Syed Ameer Ali established the London Muslim League in 1908. This organisation was an independent body and not a branch of the All India Muslim League. In 1909, he became the first Indian to sit as a member of the Judicial Committee of the Privy Council, on which he would serve till his death in 1928. On appointment to the Privy Council, he became entitled to be addressed as The Right Honourable.

In 1908, he was an advisory member to the Muhammadan Art and Life in Turkey, Persia, Egypt, Morocco and India exhibition held at the Whitechapel Gallery. The Autumn Exhibition was held from 23 October to 6 December. The opening day for the public was on 27th Ramadan.

In 1910, he formally co-established the London Mosque Fund, alongside a group of prominent British Muslims, to finance the building of the first mosque in the capital: East London Mosque, today one of the largest mosques in Europe. His field of activities was now broadened, and he stood for Muslim welfare all over the world. He played an important role in securing separate electorates for the Muslims in India and promoting the cause of the Khilafat Movement.

He retired from Calcutta High Court in 1904 and decided to settle down with his English wife (Isabelle Ida Konstam) in England, where he was somewhat isolated from the main current of Muslim political life. Throughout his career, he was known as a jurist and a well-known Islamic scholar. He died on 4 August 1928 in Sussex (Rudgwick) and was buried in Brookwood Cemetery.

==Personal beliefs==
Syed Ameer Ali believed that the Muslims, as a downtrodden nation, could get more benefit from loyalty to the British rather than from any opposition to them. For this reason, he called upon his followers to devote their energy and attention to popularising English education among the Muslims. This perception and consequent activism have been known as the Aligarh Movement.

Referring to polygamy, Syed Ameer Ali wrote:

Each age has its own standard. What is suited for one time is not suited for the other.

==Opinions and legacy==
David Samuel Margoliouth, in the preface of his book Mohammed and the Rise of Islam, wrote:

The charming and eloquent treatise of Syed Ameer Ali [The Spirit of Islam] is probably the best achievement in the way of an apology for Mohammed that is ever likely to be composed in a European language.

Syed Ameer Ali, like some other authors of his time, tried to show that Islam was a rational religion.

==Honors and recognition==
The Sayed Ameer Ali Hall in the University of Rajshahi in Bangladesh is named for him.
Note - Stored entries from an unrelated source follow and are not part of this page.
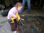| Who says power tools and toddlers don't mix? Eliana removing old holds so the panel can be painted. |
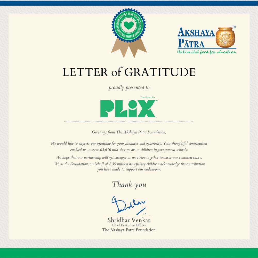 Together, we pledge to provide a brighter future by ensuring every purchase of PLIX products contributes to Akshaya Patra's vision of feeding 3 million children in India by 2025. Every order you place feeds 1 underprivileged child in India. Let’s join hands to combat hunger & malnutrition, nurturing the potential of young minds and building a foundation for a healthier, educated India.
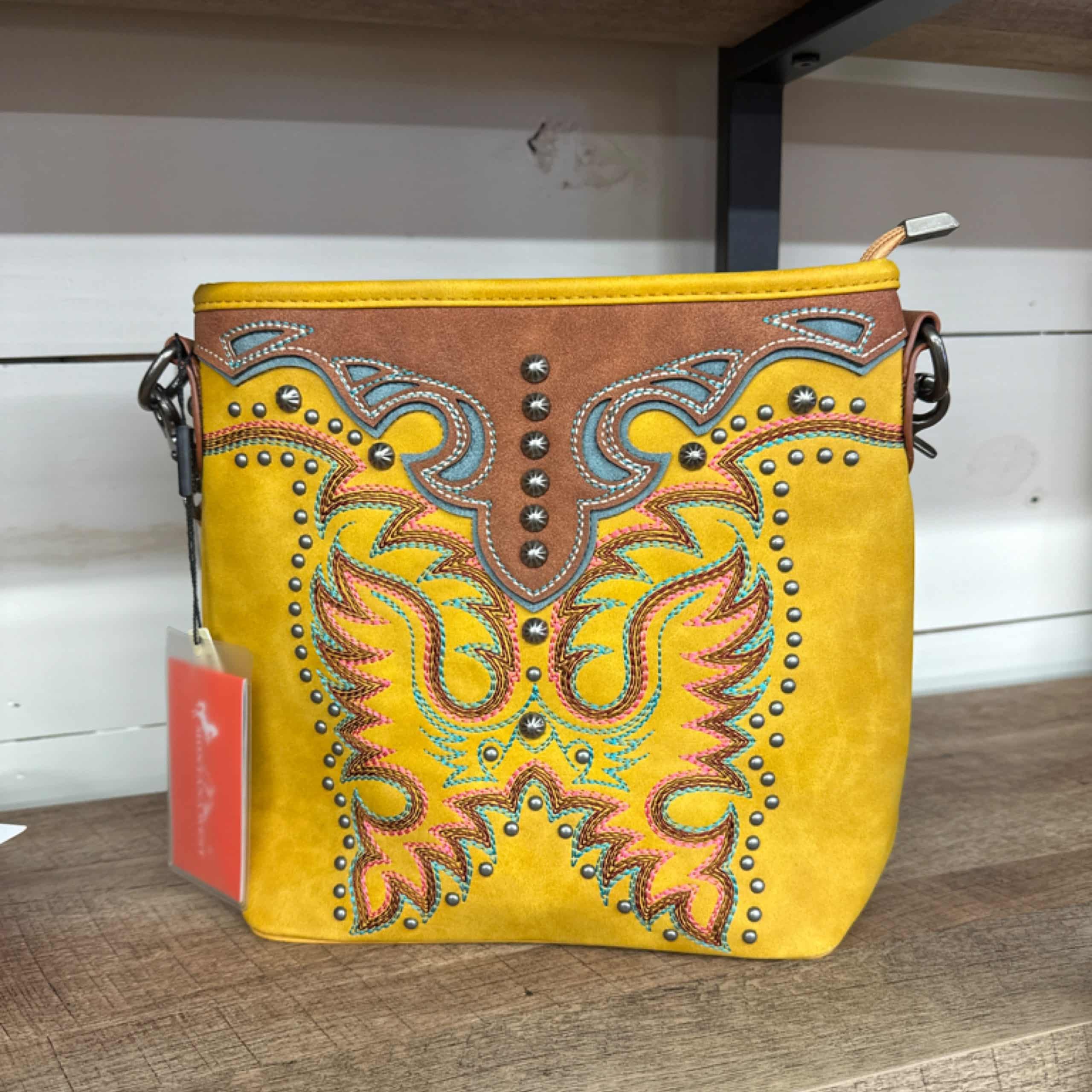 The Montana West Embroidered Mustard Crossbody Bag features a stylish design with intricate embroidery and a convenient crossbody strap for hands-free comfort. Its ample storage space makes it both practical and perfect for everyday use.
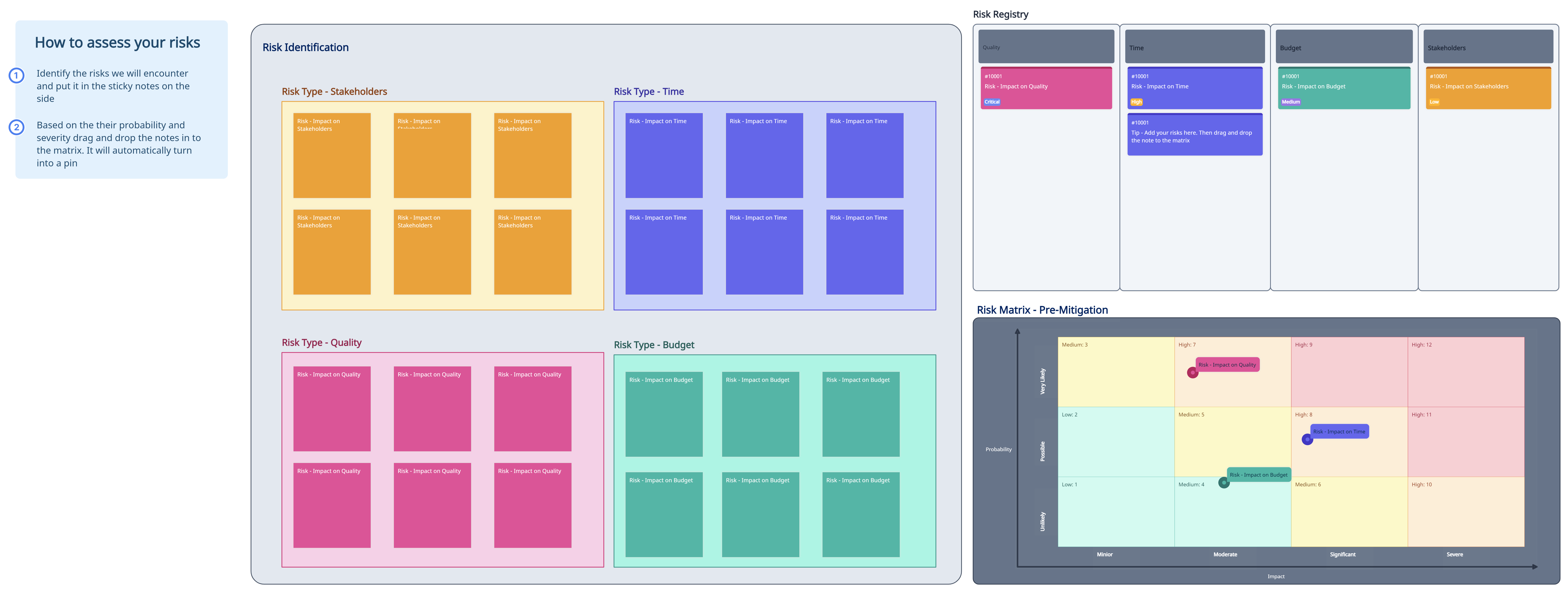 - 制定緩解策略:對於每個高優先級風險,集思廣益並概述潛在的緩解策略。 這些策略應有助於降低風險的可能性或影響。

Pakistan Postal Service issued a commemorative postage stamp in 1990 to honor him in its 'Pioneers of Freedom' series.

==See also==
- The Nineteenth Century (periodical), for which Ameer Ali authored articles
- Judicial Committee of the Privy Council
- Shia Islam in India

==Books==
- A Critical Examination of the Life and Teachings of Mohammed (1873) – His first book, written when he was 24, while in England. The orientalist Major R. D. Osborn (1835–1889) wrote: "Regarded simply as a literary achievement, we have never read anything issuing from the educated classes in this country which could be compared with it; and the Muslims of India are to be congratulated on the possession of so able a man in their rank. It is impossible if his after-life accords with this early promise that he should not leave his influence for good stamped upon the country in deep and enduring characters."
- The Personal Law of Muhammedans (1880)
- The Spirit of Islam (editions in 1891, 1922, 1953) – A book covering the life of Muhammad, and the political, cultural, literary, scientific, mystic, philosophical, and social history of Islam.
- Ethics of Islam (1893)
- A Short History of Saracens (1899)
- Islam (1906)
- The Legal Position of Women in Islam (1912)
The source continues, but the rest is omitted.